Threads do not have DMs, meaning all conversations take place publicly. it around searchable topics in November, but topic pages are generally still full of bait-style posts, rather than topic-specific versions. That has meant up until now that it’s been quite difficult to find communities to truly connect with. Everything feels impersonal.

It doesn’t help that the Following Threads feed is currently not the default view and there’s no way to change that (). And at the end of the day, it is excluding all the many people I know, especially outside the media industry. The same goes for fediverse social networks like Mastodon and Bluesky, which are less populated but have a cliquier feel. Visiting platforms is like walking into a room full of people who all know each other, and realizing that you’re the odd one out. But at least Bluesky or Mastodon aren’t bad shopping experiences. (Threads are not currently, however, but ).

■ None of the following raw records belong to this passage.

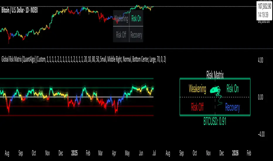 The indicator displays both a risk oscillator showing weighted average sentiment and a dynamic 2D matrix visualization that plots signal strength against momentum to reveal current market phase and historical evolution. This helps traders and investors understand broad market conditions, identify regime transitions, and align their strategies with prevailing macro risk environments across all asset classes.
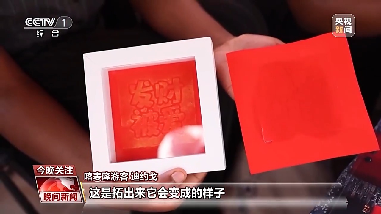 喀麦隆游客 迪约戈:这个是我正在做的,拓印发财被爱四个字,这是拓出来以后的样子,我一直对中国的文化很感兴趣,通过这个我可以学到更多中国的文化。
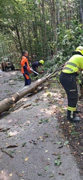 5 Mann unserer Wehr rückten mit dem TLF-A aus, zerkleinerten den Baum und reinigten anschl. den Güterweg.
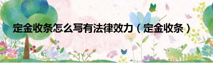你必须为押金写一张收据。定金收条和存单是同一张凭证。定金收据只是定金支付的凭证,只代表双方达成了定金合同,定金规则对双方都适用。具有一定的法律效力。定金也可以书面约定。当事人应当在定金合同中约定交付定金的期限。押金从实际支付押金之日起生效。
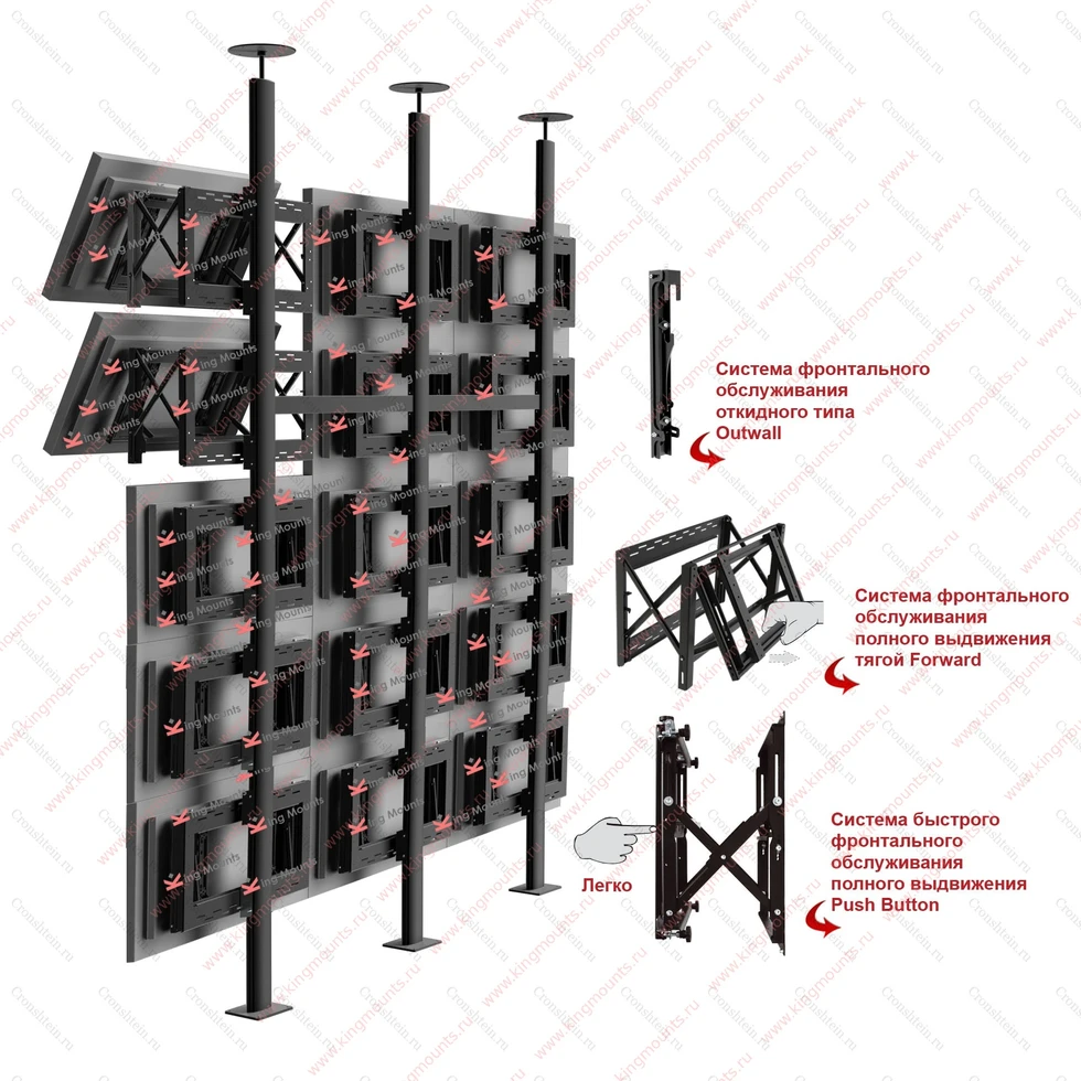 Сервисная система обслуживания дисплеев может быть, как простой- если есть возможность доступа к дисплеям с задней стороны, так и специальной. Российская система креплений видеостен KingMounts представлена тремя видами фронтального обслуживания дисплеев для удобства коммутации и горячей замены бесшовных панелей.
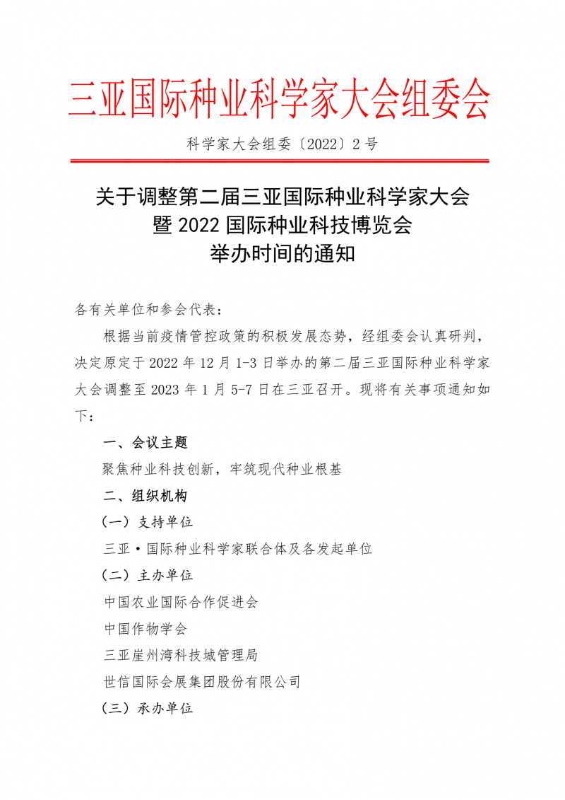 定檔!第二屆三亞國(guó)際種業(yè)科學(xué)家大會(huì)暨2022國(guó)際種業(yè)科技博覽會(huì)于1月5日召開(kāi)!
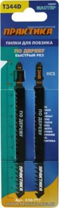 Пилки для лобзика, по дереву, быстрый рез, 132х110 мм, 2 шт, тип Т344D ПРАКТИКА
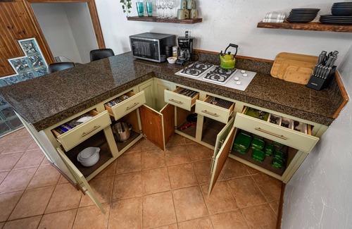 The entrance to the guesthouse brings you into a high beamed ceiling, fully stocked kitchen with easily accessible dinnerware. High-top seating is provided to enjoy kitchen socialization or a quick meal. Please be aware there is a stove, but no oven.
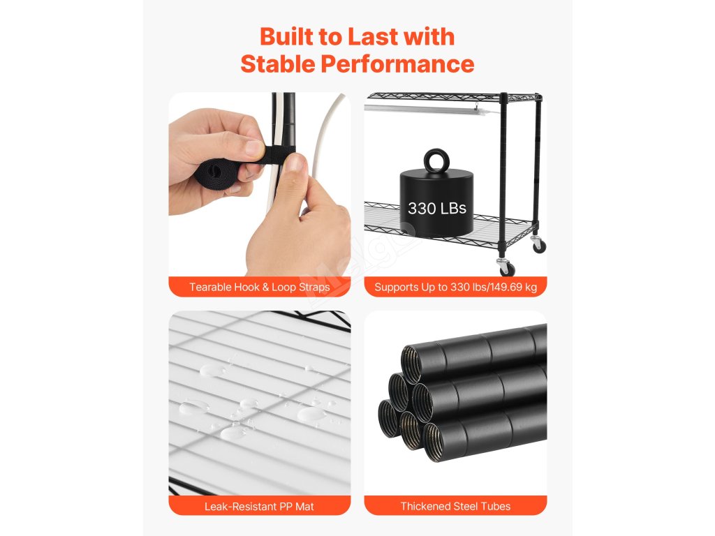 Nastavitelné police jsou vhodné pro rostliny různých výšek. popruhy s háčky a smyčkami udržují rostliny v bezpečí, nepropustné PP zásobníky chrání obvody a otočná gumová kolečka umožňují bezproblémové přemisťování.
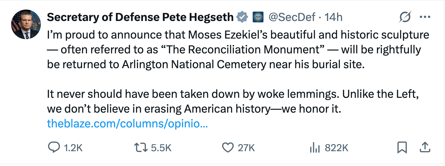 A number of things are worth pointing out about Hegseth’s tweet. First, notice that he never refers to a Confederate monument or the Confederacy. Anyone unfamiliar with the identity of this monument would have no idea what he is referring to. It suggests that the defense secretary understands just how controversial his announcement is and also reveals his embarrassment in failing to refer to it as such.
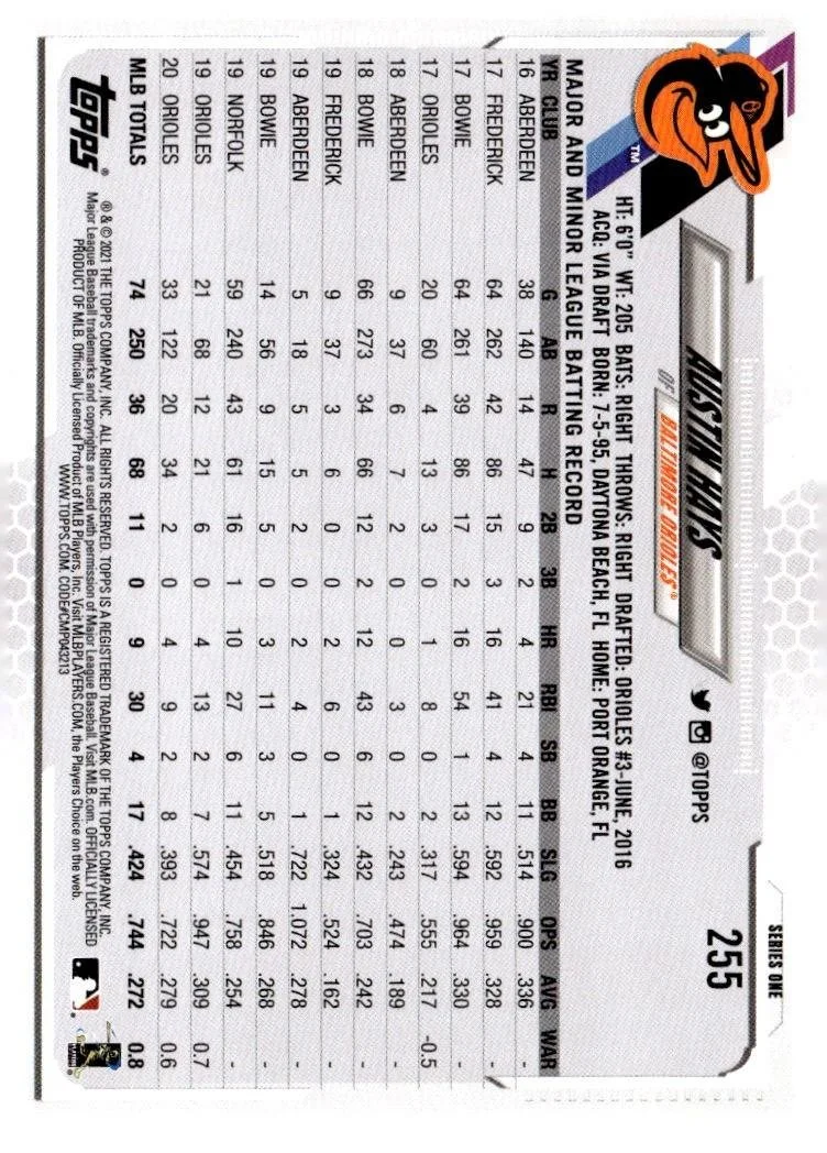 This is a nice example of a 2021 Topps #255 Austin Hays
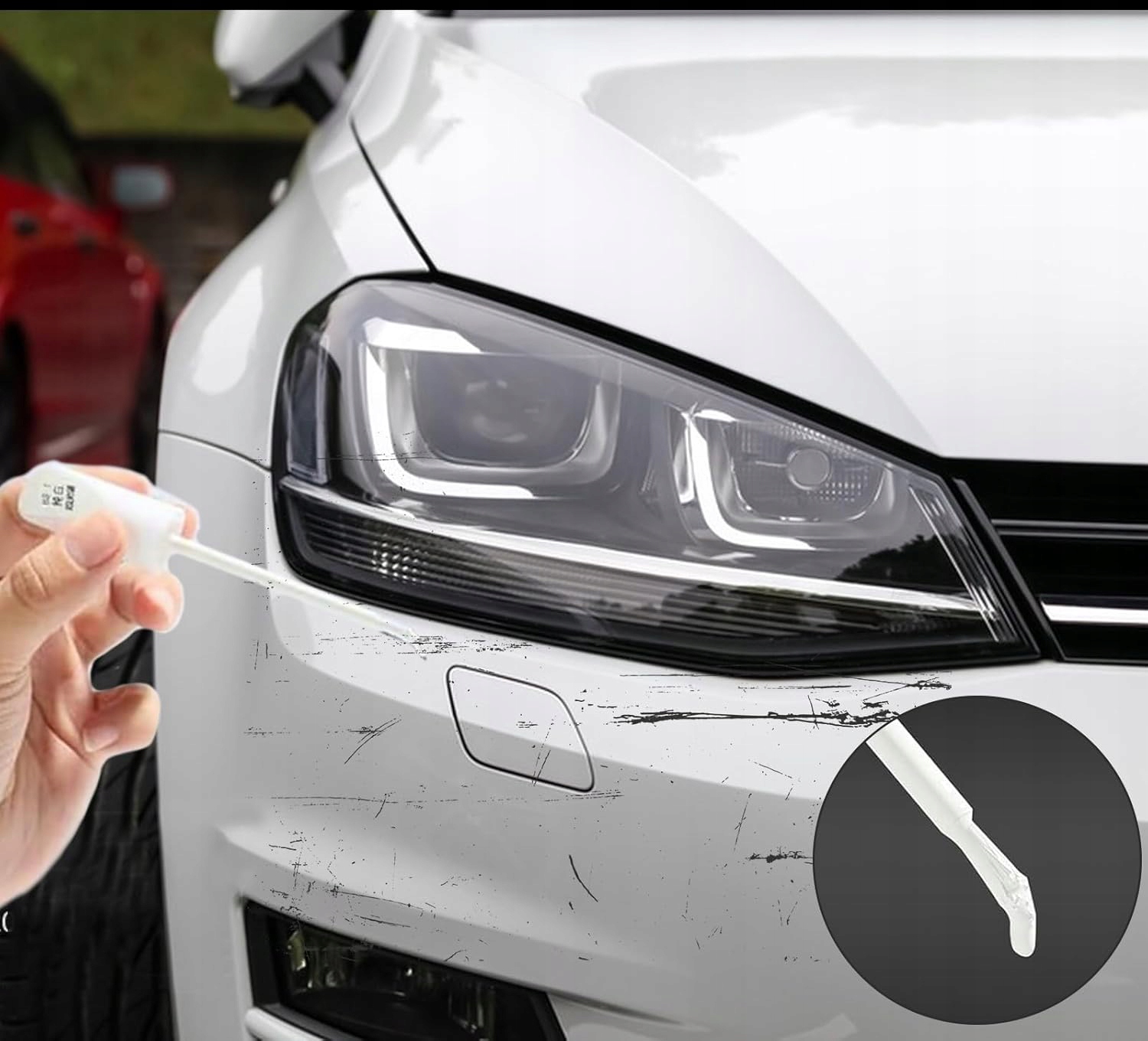 попрощайтесь с функциями! белый . Благодаря этому инструменту Удаление небольших царапин с вашего автомобиля будет простым и эффективным . Консилер содержит агент наполнителя , который не растворяет лак , что означает, что не повредит вашему автомобилю .
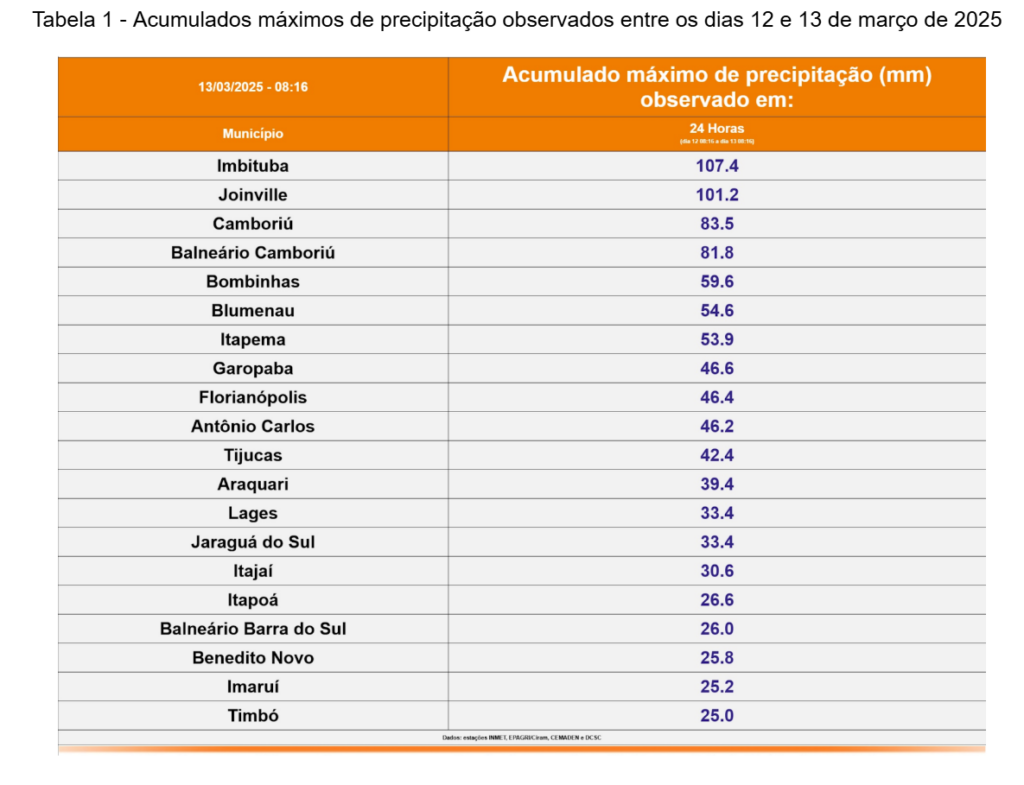 Já entre os dias 12 e 13 de março, houve ocorrência de chuva intensa, especialmente no litoral catarinense. Nesse evento, foram registrados acumulados superiores a 100 mm em Imbituba, no Litoral Sul, e em Joinville, no Litoral Norte (Tabela 1).
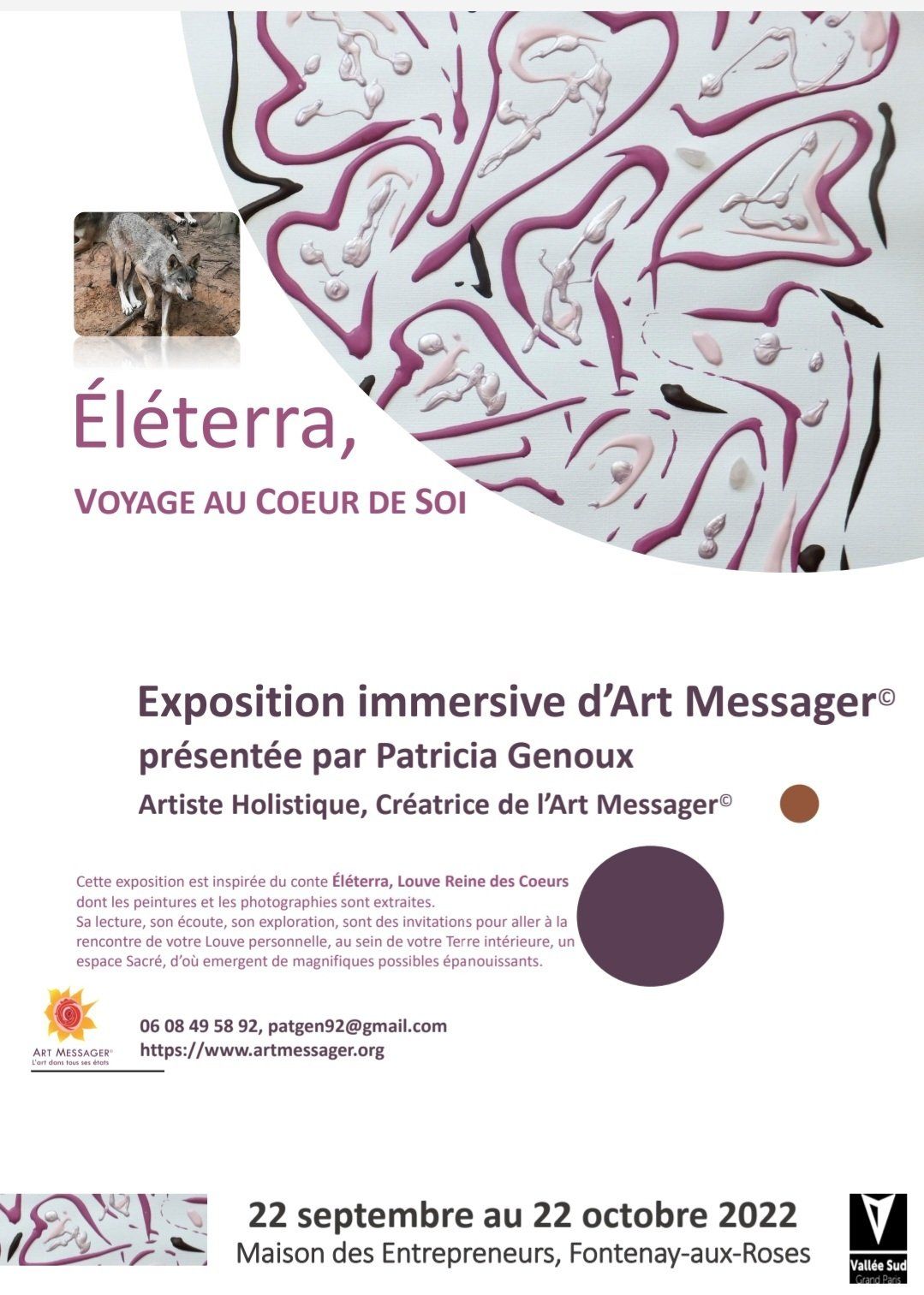 Exposition immersive ELETERRA, VOYAGE AU CŒUR DE SOI. Présentation de 8 photographies et de 4 toiles messagères du livre Eléterra, Louve Reine des Cœurs.
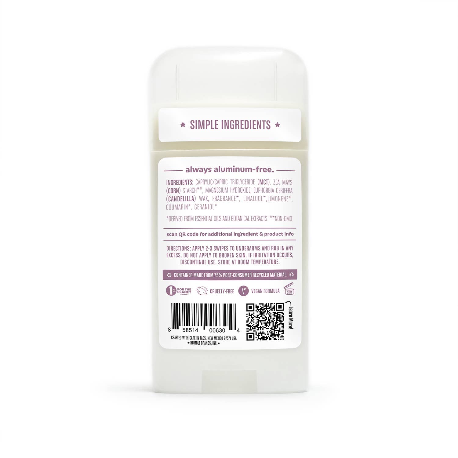 Product Description: Made with simple, highly effective ingredients (MCT oil, non-GMO corn starch, magnesium hydroxide, candelilla wax and botanically-based scents). Humble Brands Deodorant is formulated to absorb and neutralize body odor. A vegan friendly and baking-soda free formula, Humble Brands Deodorant has no aluminum, alcohol, dyes, parabens, sulfates or artificial fragrance. Certified Cruelty-Free by Leaping Bunny and a 1% for the Planet product that gives back with every purchase. Packaged in 75% post consumer recycled plastic.
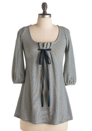 We love this flowy striped shirt available at Mod Cloth. The stripes are subtle and the bow and peasant style sleeves are just darling! This top makes it easy to wear the nautical look without going overboard!

Maybe it all comes down to burnout in a time of overconsumption, but lately I’ve found myself longing for a place on the internet that feels inviting and PEOPLE. I’m sure I’m not alone. In recent years, we’ve seen alternative social apps pop up like BeReal, Hive and Myspace-reminiscent entrants SpaceHey and all aim to bring character and interpersonal connection back to social media. But no one has cracked the code for sustainable mainstream adoption. Discord and even Reddit to some extent address the same human-to-human needs, but they are more akin to proto social media chatrooms and forums than to the sites that emerged during the social dawn.

Meanwhile, Meta is pushing AI more in its apps. Just this summer we acquired chatbot-maker, AI Studio, which Meta prefers not only as a way for users to create AI characters, but for “creators to build AI as an extension of themselves to reach more fans.” Instead of talking to your real friends or making new ones around a common interest, you can deepen your parasocial relationships with celebrities, influencers and fictional characters by chatting in its AI versions. Or, choose from the many AI girlfriends you can find in your DMs menu. We’ve really lost the plot, I’m afraid.

I’ve started dipping back into Tumblr here and there, if only to find a less cluttered, more curated feed and love the reminder of how fun customization can be. Some friends mentioned that they did the same. But because of the platform and the nor is it an online oasis. As if on cue, I was just served a during my evening scroll that felt inappropriate: “we are not good. the rest of the internet is getting worse.”